Petitioner commenced this condemnation proceeding pursuant to EDPL article 5 to acquire certain property located in the Town of Warrensburg, Warren County. It appears that petitioner was vested with the power of eminent domain pursuant to the Federal Power Act (16 USC § 814) and acquired the land and accompanying flowage rights for the purpose of developing and operating a hydroelectric power plant. Following petitioner's acquisition of the premises, claimant filed a claim seeking compensation for the appropriation of its property. At the conclusion of the nonjury trial that followed, Supreme Court determined that the value of the highest and best use of the property at the time of the taking was $191,500. This appeal by claimant followed.
Initially, we reject claimant's assertion that the appraisal report offered by petitioner's expert was fundamentally flawed. Although the parties' respective experts utilized different valuation approaches, with petitioner's expert essentially arriving at a value based upon comparable sales and claimant's expert calculating the property's value based upon its income potential, there is no indication in the record that petitioner's methodology was unsound. Petitioner's expert testified that the sales he used for comparison were arms' length transactions, and claimant has failed to demonstrate that these sales failed to reflect the then-prevailing market conditions.
As to Supreme Court's acceptance of the testimony and appraisal report offered by petitioner's expert as its basis for arriving at a valuation figure, there can be no serious dispute that in a nonjury trial, evaluating the credibility of the respective witnesses and determining which of the proffered evidence was most credible are matters committed to the trial court's sound discretion (see generally, Brooks v Cheon, 142 AD2d 867, 868). Hence, we have no quarrel with Supreme Court's initial decision to credit the testimony and report offered by petitioner's expert. Having done so, however, Supreme Court was, in our view, required to address in its written decision the admitted errors contained in petitioner's expert's appraisal and the effect of those errors, if any, upon the ultimate valuation figure assigned to the property. In this regard, the record indicates that petitioner's expert failed to make any adjustment for inflation between 1981 and 1989 (representing the various sale dates). Claimant's expert testified that such an adjustment would be appropriate and petitioner's expert failed to offer any explanation for failing to do so. Additionally, petitioner's expert conceded that the "improvements" adjustment for sale HP-5 was incorrect.

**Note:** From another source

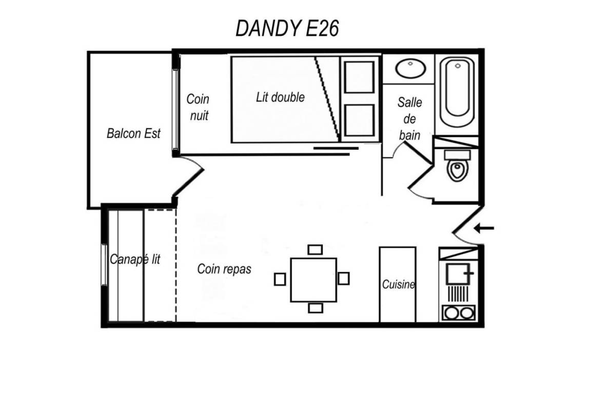 Die Residenz Dandy liegt ideal neben den Geschäften. Alle Dienstleistungen und Aktivitäten befinden sich in der Nähe der Residenz. Fläche von ungefähr 27 m². 3te Etage. Orientierung : West. Wohnzimmer mit Klappschlafcouch. Schlafbereich mit Doppelbett, schiebetüren. Kochnische mit Wasserkocher, Kaffeemaschine (filtre), kleiner Backofen mit Mikrowellenfunktion, Toaster, Dunstabzugshaube, Geschirrspülmaschine, 2 Glaskeramikkochfelder, Kühlschrank. Badezimmer mit Badewanne. separates WC. Balkon.

Although Supreme Court makes mention of these errors in its written decision and, implicitly, discounts the effect thereof on the overall value of the property, the court fails to offer any explanation as to the basis for its apparent determination in this regard. It may well be that adjusting for these errors would not alter, to any significant degree, petitioner's expert's opinion or Supreme Court's findings regarding the value of the subject property. Indeed, it appears that correcting the "improvements" adjustment for sale HP-5 would have little, if any, effect upon the overall valuation figure, and Supreme Court simply may have elected not to credit claimant's expert's testimony regarding the need to adjust for inflation. Nevertheless, as we are unable to discern from the record before us Supreme Court's rationale for accepting, without adjustment, the valuation figure offered by petitioner's expert, we deem it appropriate to remit this matter to Supreme Court in order that the court may make explicit findings regarding the effect, if any, of the cited errors on the overall value assigned to the property and to provide a further explanation of the basis for its decision (see generally, Matter of Niagara Mohawk Power Corp., 114 AD2d 542; see also, EDPL 512; CPLR 4213 [b]).
Cardona, P. J., Casey, Weiss and Yesawich Jr., JJ., concur. Ordered that the decision is withheld, and matter remitted to the Supreme Court for further proceedings not inconsistent with this Court's decision.